2008 Mitsubishi Lancer Evolution X Review

2008 mitsubishi lancer evolution x review

Anyone who’s driven one of the first nine iterations of the Mitsubishi Lancer Evolution (a.k.a. Evo) approaches the tenth fully expecting chest-flattening acceleration and spleen-rupturing cornering. Obviously, the Evo X’s engine and chassis are bound (and determined) to continue the model’s budget supercar-killer tradition. But there’s another less welcome Evo tradition: denture destroying suspension and a Gladware interior. Will the Evo X’s ride quality and interior materials once again conspire to kill the love for all but the masochists among us?

The Evo’s new X-terior has moved Mitsubishi’s compact sedan from the bargain basement to the penthouse suite. The X’s profile now strongly resembles the Acura TSX and Volvo S40. The new Evo’s snout sports a huge black inverted trapezoid-grille, fender vents, a rear wing and body kit. Thanks to the car’s more svelte shape, the macho mods don’t scream “teenage toy.” Of course, it helps that Audi has made the world safe for gargantuan grilles, and that overpriced body kits are now common on overpriced German machinery.

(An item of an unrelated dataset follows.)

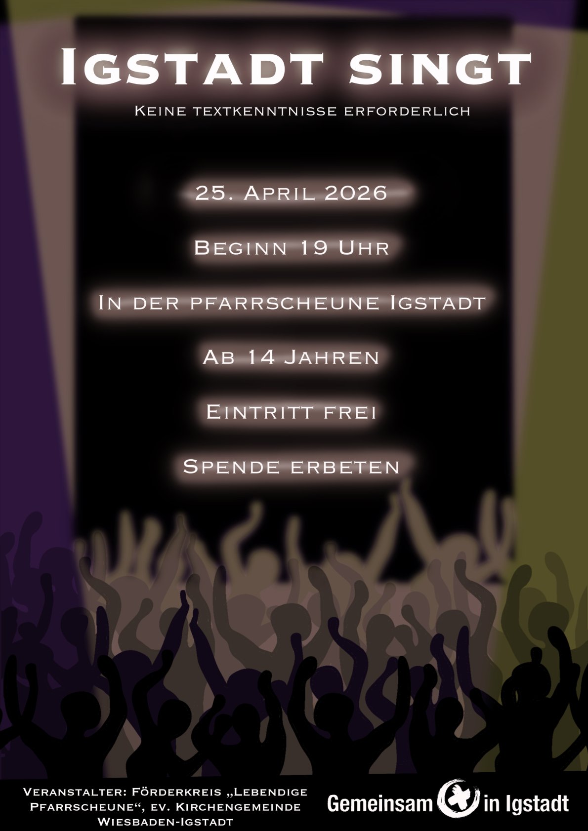 Am Samstag, 25. April 2026, lädt der Förderkreis „Lebendige Pfarrscheune“ der Ev. Kirchengemeinde Igstadt zum gemeinsamen Singen in die Pfarrscheune ein. Ab 19 Uhr erwartet die Besucher ein bunter Mix aus Evergreens und aktuellen Hits – die Liedtexte werden auf eine Leinwand projiziert, sodass alle mitsingen können. Auch Liedwünsche sind ausdrücklich willkommen.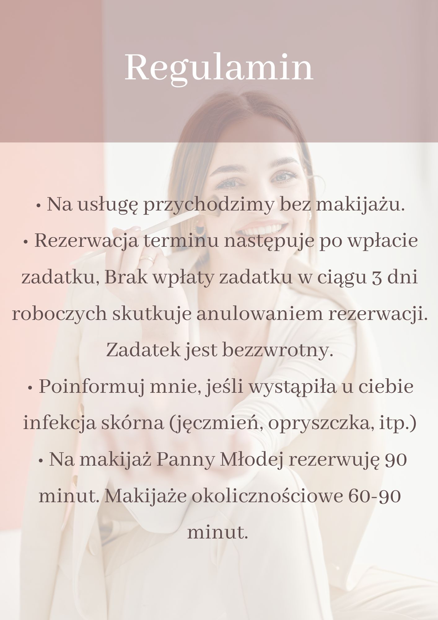 Cześć! Mam na imię Ola i specjalizuję się w makijażu na wyjątkowe okazje, w tym śluby. Moim celem jest podkreślenie Twojego naturalnego piękna i stworzenie trwałego makijażu, który przetrwa całą uroczystość – od pierwszych wzruszeń po ostatni taniec.

The old Evo’s interior was cheaper than a one-star Romanian hotel. The new Lancer’s interior is a bit more upmarket, but it’s still a third-rate romance, low rent [Buick] rendezvous. Mitsubishi would have been well-advised to replicate the Alcantara interior of the Prototype X concept. One nit an upholstery shop can’t fix: the semi-swoopy exterior yields a windshield base that stretches out like an African Savanna; it’s a bit alienating for a “driver’s car.” Well-bolstered Recaro seats compensate.

Like just about every car (and person) in recent years, the new Evo’s gained some weight. Yet unlike Subaru, Mitsubishi refused to forsake the World Rally Championship’s 2.0-liter rule in their rally car production variant. Two liters of displacement for a 3500lbs. car? That’s like playing croquet with a toothbrush, isn’t it?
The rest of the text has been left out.